As compras online se tornaram uma prática cada vez mais comum no Brasil, impulsionadas pela pandemia e pela crescente oferta de produtos e serviços pela internet. No entanto, essa comodidade também abre portas para uma prática criminosa que vem crescendo de forma preocupante: a fraude online.
À medida que os meios de pagamentos ganham novas soluções tecnológicas, os fraudadores têm se aproveitado para ganhar espaço. O país registrou cerca de 800 mil tentativas de fraude no primeiro trimestre de 2024, uma redução de 23,3% comparado ao mesmo período do ano passado. Em valores, as tentativas de golpe no trimestre representam R$ 766,3 milhões. O estudo, realizado pela ClearSale, empresa de inteligência de dados e prevenção a riscos, analisou 63,7 milhões de pedidos, entre 1° de janeiro a 31 de março, e aponta que o valor do ticket médio das tentativas foi de R$ 948,64, aumento de 0,3% frente a 2023.
“Embora o número de tentativas de fraude tenha diminuído em comparação com o ano anterior, o ticket médio aumentou”, pontua Eduardo Mônaco, CEO da ClearSale. “Isso indica não apenas que golpistas estão focando em produtos com valor agregado alto, e com facilidade em revender nos mercados ilegais, mas acende um alerta para as empresas que precisam continuar vigilantes e adotar medidas de segurança mais robustas”.

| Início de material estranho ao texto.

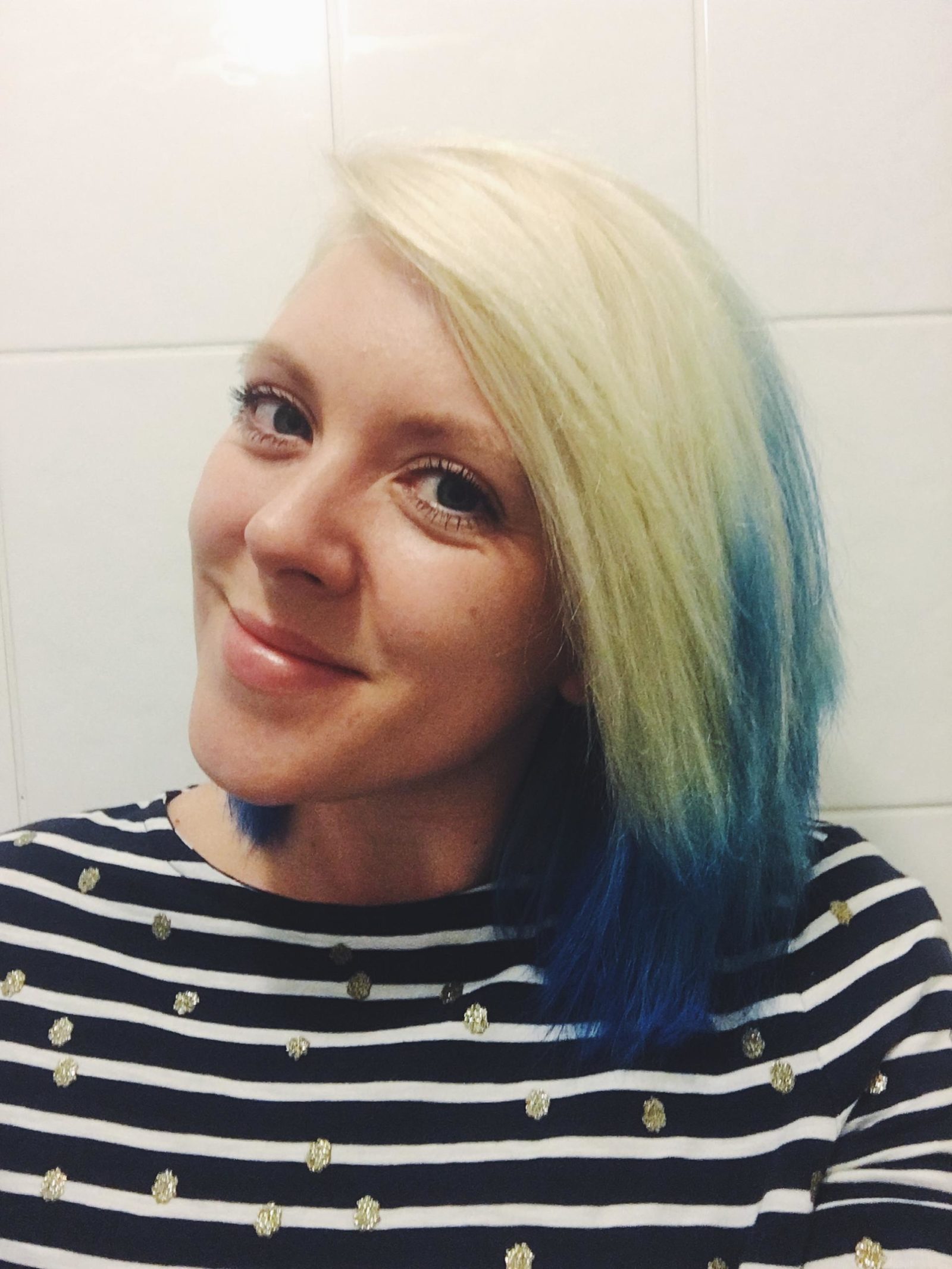 As I wasn’t sure how dark ends would look on my bleached look, I decided to take a more adventurous route and create this dip dye blue hair style with Schwarzkopf live.

Para o levantamento, a consultoria considerou apenas pagamentos via cartão de crédito no setor de e-commerce. São consideradas tentativas de fraude todas as transações que foram classificadas como suspeitas ou confirmadas.
Por dentro das tentativas de fraude online
O estudo indica que os meses de janeiro, fevereiro e março se destacaram como os períodos com maior concentração de tentativas de fraude. No mês de janeiro, foram registradas 284,6 mil ocorrências, com um ticket médio de R$ 954,82. Já em março, o número de tentativas foi de 270,2 mil, com ticket médio de R$ 957,70. Fevereiro teve 252,9 mil tentativas e ticket médio de R$ 932,01.
Um dado curioso é a preferência dos fraudadores por quartas-feiras para realizar seus ataques. Durante o trimestre, as quartas-feiras registraram o maior número de pedidos e tentativas de fraude, com o pico de atividade se concentrando entre 0h e 5h da manhã. Essa preferência por horários com menor movimento e menor atenção dos consumidores facilita a ação dos criminosos.
Regiões e categorias mais visadas
O estudo também revela que a região Nordeste lidera o ranking de regiões com maior índice de golpes (1,4% das transações), com um ticket médio de tentativas de fraude de R$ 1.021,82. Em seguida, as regiões Centro-Oeste, Sudeste e Norte empataram (1,3%), apresentando tickets médios de R$ 1.023,52, R$ 934,60 e R$ 924,89, respectivamente. A região Sul registrou a menor taxa de tentativas de fraude (0,8%), com ticket médio de R$ 984,91.
Em relação às categorias de produtos, os games (10,7%), com ticket médio de R$ 806, lideram o ranking dos mais visados por fraudadores. Em seguida, aparecem os eletrônicos, que englobam TVs, monitores, geladeiras e freezers (4,8%), com ticket médio de R$ 2.597, e celulares (3,7%), com ticket médio de R$ 2.756. Os produtos de beleza (2,2%) também se destacam, com ticket médio de R$ 412.
Perfil dos alvos e modos operandi
O estudo revela que o público masculino, com 1,7% das transações, é mais visado por fraudadores do que o feminino, com 1,0% das transações. Em relação à faixa etária, pessoas com até 25 anos foram as que mais sofreram tentativas de fraude (1,9%), seguidas pelo grupo de pessoas acima de 51 anos (1,6%) e entre 26 e 35 anos (1,2%).